DATA BLOCK:
········
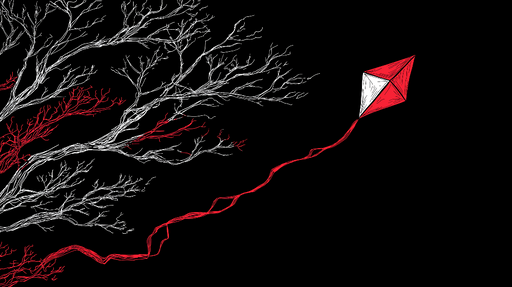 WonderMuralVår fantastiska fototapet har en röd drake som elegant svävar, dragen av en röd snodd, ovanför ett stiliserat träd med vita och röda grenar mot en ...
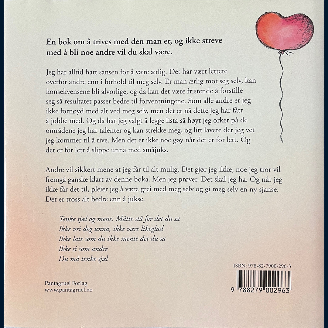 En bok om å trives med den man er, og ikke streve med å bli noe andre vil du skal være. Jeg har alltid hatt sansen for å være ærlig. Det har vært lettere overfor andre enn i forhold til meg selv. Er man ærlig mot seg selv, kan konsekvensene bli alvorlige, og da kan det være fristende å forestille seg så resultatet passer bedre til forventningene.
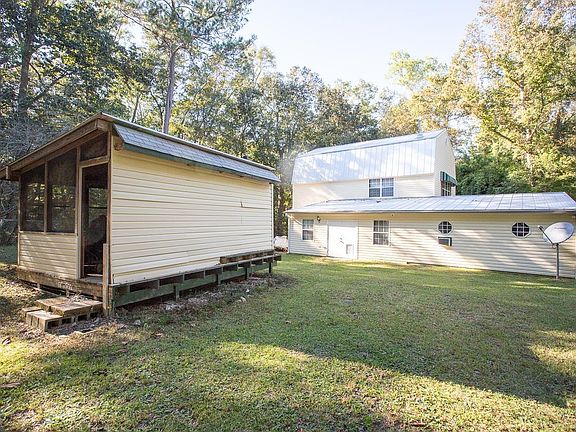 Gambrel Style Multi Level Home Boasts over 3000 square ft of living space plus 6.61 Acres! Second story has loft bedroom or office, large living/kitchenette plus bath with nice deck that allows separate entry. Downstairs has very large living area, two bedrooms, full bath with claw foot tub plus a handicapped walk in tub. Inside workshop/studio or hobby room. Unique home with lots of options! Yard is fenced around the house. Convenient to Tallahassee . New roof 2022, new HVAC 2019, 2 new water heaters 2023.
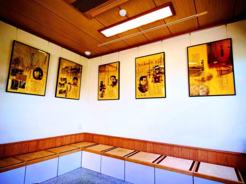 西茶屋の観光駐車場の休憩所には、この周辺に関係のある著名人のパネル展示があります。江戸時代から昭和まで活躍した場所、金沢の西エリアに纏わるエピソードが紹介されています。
········
Restate the material word for word from its first line through the line containing "En bok om å", both included; the pictures do not belong in it.

 WonderMuralVår fantastiska fototapet har en röd drake som elegant svävar, dragen av en röd snodd, ovanför ett stiliserat träd med vita och röda grenar mot en ...
 En bok om å trives med den man er, og ikke streve med å bli noe andre vil du skal være. Jeg har alltid hatt sansen for å være ærlig. Det har vært lettere overfor andre enn i forhold til meg selv. Er man ærlig mot seg selv, kan konsekvensene bli alvorlige, og da kan det være fristende å forestille seg så resultatet passer bedre til forventningene.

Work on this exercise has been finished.